Andreas Lubitz
Andreas Lubitz Reuters

The co-pilot suspected of deliberately crashing the Germanwings jet in the French Alps had researched suicide methods and the security of cockpit doors, German prosecutors said Thursday, according to the BBC.

Internet searches from the week before the crash were found on the tablet computer used by the co-pilot, Andreas Lubitz.
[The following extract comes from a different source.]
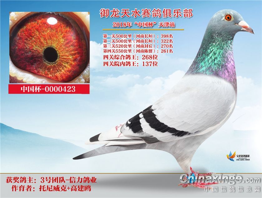 作品说明: 2018“中国杯”天水九大联盟国际赛鸽俱乐部四关鸽王大奖赛已圆满落下帷幕,在此 天水赛 鸽俱乐部向广大鸽友致以诚挚的问候,感谢参赛鸽友对俱乐部支持与信赖,祝愿鸽 友们在来 年的赛事中再续辉煌勇夺第一! 2018“中国杯”天水九大联盟国际赛鸽俱乐部颁奖暨拍卖大 会定于11月25日(周 日),在御龙天水生态园(暨天水赛鸽俱乐部宴会大厅)举行。届时诚 邀广大鸽友莅临出 席。 颁奖暨拍卖盛典流程: 11月25日 08:00-10:00 获奖鸽展示、颁奖 盛典 10:00-11:30 获奖鸽拍卖 11:30-12:30 午宴 12:30 获奖鸽拍卖 温馨提示: 1、我们 已经为鸽友安排好食宿事宜,请鸽友提前联系进行预约,以便安排 您的食宿。 2、办公室电 话:022-25644488 18502236184

According to the prosecutors, the searches made on the tablet found in Lubitz's Duesseldorf flat included "ways to commit suicide" and "cockpit doors and their security provisions".

"He concerned himself on one hand with medical treatment methods, on the other hand with types and ways of going about a suicide,” said a spokesman, Ralf Herrenbrueck.

"In addition, on at least one day he concerned himself with search terms about cockpit doors and their security precautions.''

Prosecutors did not disclose the individual search terms in the browser history but said personal correspondence supported the conclusion Lubitz used the device in the period from March16 to 23.

Lubitz, 27, had been deemed fit to fly by his employers at Germanwings, a subsidiary of Lufthansa.

This week, investigators revealed he had received treatment for "suicidal tendencies." Several days later, Lufthansa admitted that it was in fact aware that Lubitz was suffering from a severe mental illness - but that it allowed him to fly nonetheless.

According to the company, which owns Germanwings, in 2009 Lubitz contacted his flying school to alert them of "a previous episode of mental depression."

The astonishing admission represents an embarrassing climbdown from claims by Lufthansa CEO Carsten Spoh that the 27-year-old German had been cleared as "100 percent fit to fly without caveats", as the company rushed to avoid responsibility in the immediate aftermath of Lubitz's murderous act.

Skepticism over the company's claims that it didn't know about Lubitz's mental health problems surfaced near the start of the investigation, when prosecutors found several torn-up sick notes in his house. At the time, however, it was claimed he had hidden the evidence from his employers.